Nachmanides points out that Moses is not called each time that God wants to speak with him.  But in this instance God’s presence filled the ohel mo’ed, the Tent of Meeting, so intensely that Moses was afraid to enter.  So God did a gentle calling of his name, “Moses, Moses,” to express God’s encouragement and affection.  Moses needed the call to be aware he was supposed to enter the Tent of Meeting.

Rashbam teaches that this calling is connected to the very end of the book of Exodus, chapter 40 verses 34 and 35.  The cloud of God’s presence settles on the Tent of Meeting and fills it so Moses is not able to enter.  Yet God calls on Moses to enter just a few verses later, the very first one in Leviticus. What commentators do not say is how Moses could enter if God’s presence fills the tent so completely.  God must have done an act of tzim tzum, contracting just enough so Moses could participate in their interaction within the Tent of Meeting.  Perhaps the lessening of God’s self is an ultimate act of love for Moses and the people of Israel, as it contributes to Moses growing as a leader and a teacher while God contracts.  The example of God self contracting to make room for someone else is a potential lesson for everyone.

In a kind of contrast to Nachmanides, Rashi comments that God spoke in a loud, thunderous voice. But the voice only reached Moses’s ears. The voice would cease and not go beyond the Tent of Meeting.  This implies the call was for Moses only.  Rashi says that the use of the word elav, “to him,” is proof of the privacy of the calling.  But why the loud voice?  Because moments in the Torah are not only horizontal in time, but vertical as well.  Just as all future Jewish souls are to feel that they were at Sinai, so too are we to know that the words spoken to Moses reverberate throughout time.  They are ours as well.

What are the words God shares with Moses?  At first glance we would wonder why these words should be eternal.  They are about the responsibilities of the priests, and about sacrifices.  This appears to be a meaningless model for today’s world.  However, the underlying theme of Leviticus is not the superficiality of just sacrifices, but the necessity to act in a way that invites God’s presence to increase in our community.  In looking at the details of the next few verses, it is clear that responsibility does not just lie on the priesthood, but all members of the community. If someone brings a sacrifice, for example, they must lay their hands on it.  The priest is not a proxy for them.  In other words, all members of the community must work to increase God’s presence. That underlying lesson is “vertical” in time, i.e. eternal, not just meant for the Israelites in the Torah, but for every generation.

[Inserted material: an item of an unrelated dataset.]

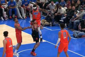 又来一肘!巴恩斯起身肘翻切特 吹了进攻犯规回看后没有升级

But we can get to an even deeper, more personal meaning.  Somewhere in the depth of each of our souls is an ohel mo’ed, a Tent of Meeting in which we must face our hopes, our fears, our selves and our God.  We might actually feel something beckoning us.  Perhaps it is loving and gentle.  Perhaps it feels loud and frightening.  What we feel in the depth of our soul stops at the edge of our own ohel mo’ed.  Rather than letting our fright prevent us from entering, we must enter. Upon entering we might sense not only God, but ourselves, not as we are but as we should be.  We might sense the world, not as it is, but as it ought to be. At first it is frightening to confront our responsibilities, our shortcomings, our vanities, but after a while we can become aware of our abilities, our strengths, our caring for others.  We can each grow.

Think of the passenger I had in the limousine.  His experience, his sensing the presence of Mary, was in the midst of a community of thousands of fellow believers.  His intensely private moment actually connected him to a much larger community, and not necessarily a physical one.  His experience was within the context of a shared tradition.

May all of us enter our own deep souled ohel mo’ed.  May each of us connect to the Divine, and thus in a meaningful way to each other.  Amen.